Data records
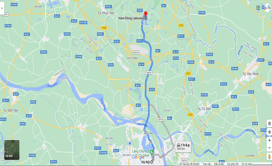 Từ trung tâm thành phố Hà Nội, theo chỉ dẫn Google Maps bạn có thể di chuyển theo hướng Cầu Nhật Tân - Võ Nguyên Giáp - Mai Đình - Đường 35 - Hàm Rồng Lakeside.
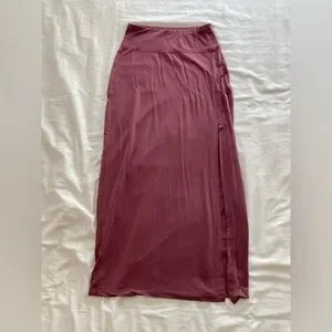 Mauve maxi skirt by Athleta. Very soft fabric with a sleek design. Thick waistband and medium high leg slit. Perfect for casual wear.
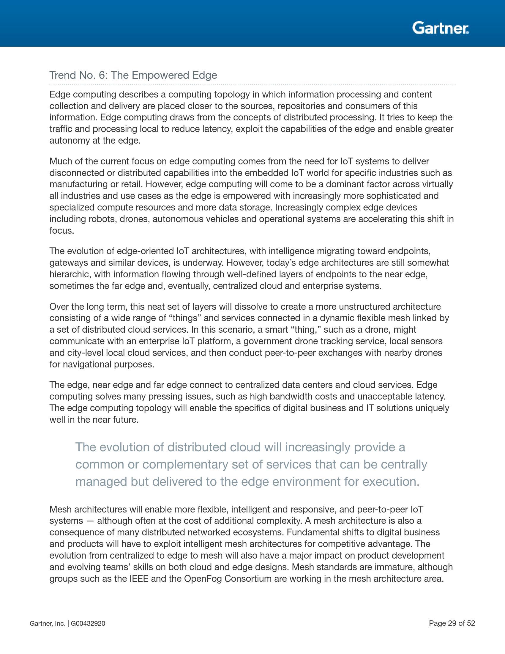 Burke先生表示:“目前,边缘计算主要关注的是在制造、零售等特定行业中嵌入式物联网系统提供的离线或分布式能力。但随着边缘被赋予越来越成熟和专业的计算资源及越来越多的数据存储,边缘计算将成为几乎每个行业和应用的主导要素。机器人、无人机、自动驾驶汽车及可操作系统等复杂的边缘设备将加快这一转变。”
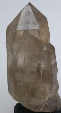 Rauchquarzkristall mit einer Höhe von 23 cm aus dem "Jahrhundert-Fund" von 1989 in sehr guter Qualität, hochglänzend und transparent. |
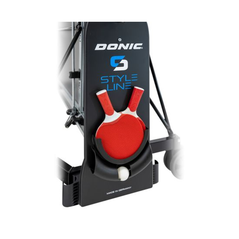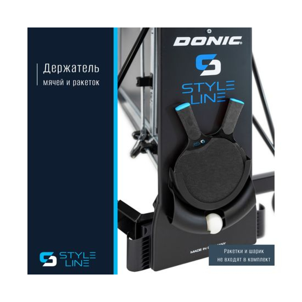 Премиум-стол для настольного тенниса DONIC OUTDOOR STYLE 1000. Этот стол отличается высоким качеством и превосходными игровыми характеристиками, что делает его идеальным выбором для профессиональных игроков и любителей настольного тенниса.Одним из ключевых преимуществ стола является его прочная поверхность из меламина, которая имеет толщину 6 мм и выполнена в антрацитовом цвете. Эта поверхность оптимизирована с использованием технологии меламиновой поверхности, что обеспечивает долговечность и отличные игровые свойства.Основная рама стола покрыта порошковой краской для долговременной защиты поверхности от коррозии и износа. Рама изготовлена из прочной профильной трубы размером 50х30 мм, что придает столу устойчивость и стабильность.Стол оснащен регулируемой по высоте сеткой для настольного тенниса, что позволяет адаптировать ее под любого игрока. Ножки стола также регулируются по высоте для обеспечения максимального комфорта и удобства игры.Для удобного хранения ракеток и мячей предусмотрен специальный держатель, который входит в комплект поставки. Стол оснащен четырьмя прорезиненными двойными роликами с плавным ходом диаметром 128 мм, которые обеспечивают легкое перемещение стола.Также стол оборудован механизмом защиты от опрокидывания, который включает систему двойной блокировки для дополнительной безопасности.Данный стол для настольного тенниса произведен в Германии, что гарантирует его высокое качество и соответствие всем стандартам. Если вы ищете надежный и удобный стол для игры в настольный теннис, то модель DONIC OUTDOOR STYLE 1000 станет отличным выбором.Ракетки и шарики приобретаются отдельно.
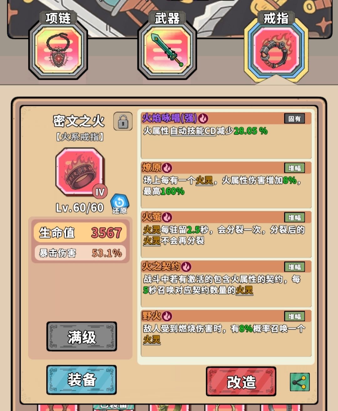 这几天一直卡在英雄塔95层,硬是过不去,换装备,换天赋,雷,水属性均过不去,时光套在有经验球的时候伤害还好,但是95层最后小怪都没了以后,拾光套的伤害完全打不动最后那几个大怪。突发奇想,试试火灵套,火灵的持续伤害或许有用,威力看视频。
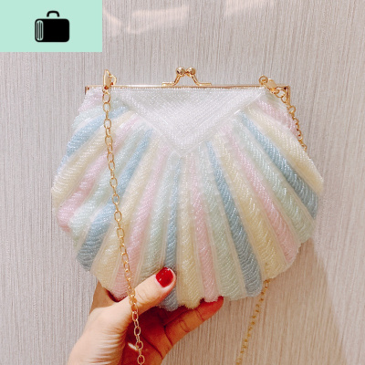 仙女包包2019新款斜挎包小众少女手工贝壳宴会晚宴手拿包链条单肩NEW LAKE 米彩色女手包
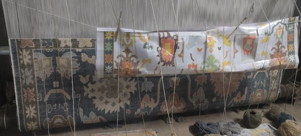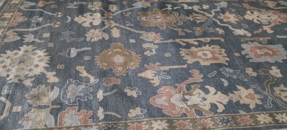 Brown Dark Blue Wool 9x12 Beautiful Rug:Brown Multicolor 9x12 Beautiful Rug , High Quality Oushak Modern
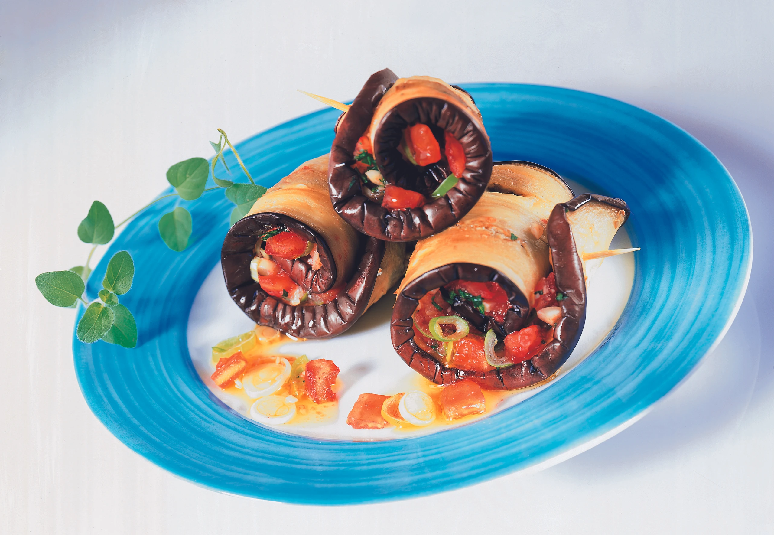 Griechische Melanzani-Röllchen mit Mandel-Kräuterfüllung
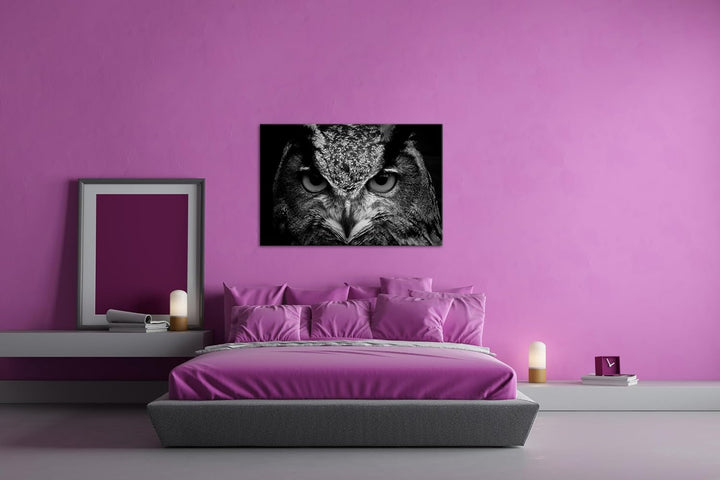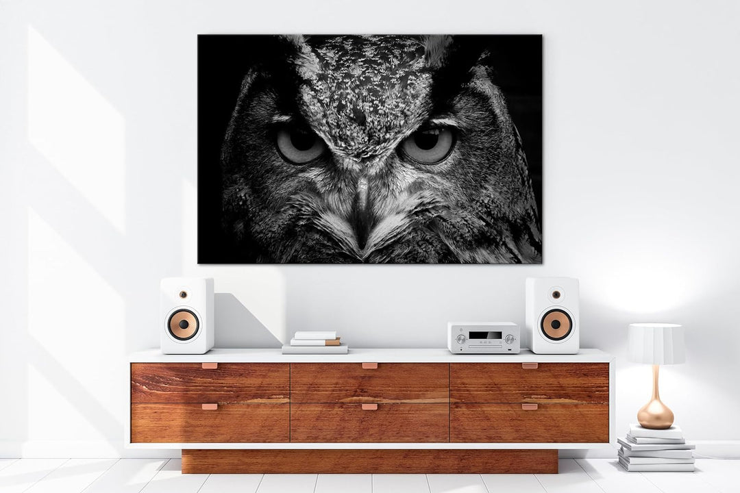 deyoli lauernde Augen einer Eule Format:75x50 cm Effekt: Schwarz/Weiss als Leinwandbild, Motiv ferti

EXERCISE:
Once the line holding "仙女包包2019新款斜挎包小众少女手工贝壳宴会晚宴手拿包链条单肩NEW LAKE 米彩色女手包" is found, copy it and each later line exactly through the end of the data, leaving out the pictures.

REPLY TO THE EXERCISE:
 仙女包包2019新款斜挎包小众少女手工贝壳宴会晚宴手拿包链条单肩NEW LAKE 米彩色女手包
 Brown Dark Blue Wool 9x12 Beautiful Rug:Brown Multicolor 9x12 Beautiful Rug , High Quality Oushak Modern
 Griechische Melanzani-Röllchen mit Mandel-Kräuterfüllung
 deyoli lauernde Augen einer Eule Format:75x50 cm Effekt: Schwarz/Weiss als Leinwandbild, Motiv ferti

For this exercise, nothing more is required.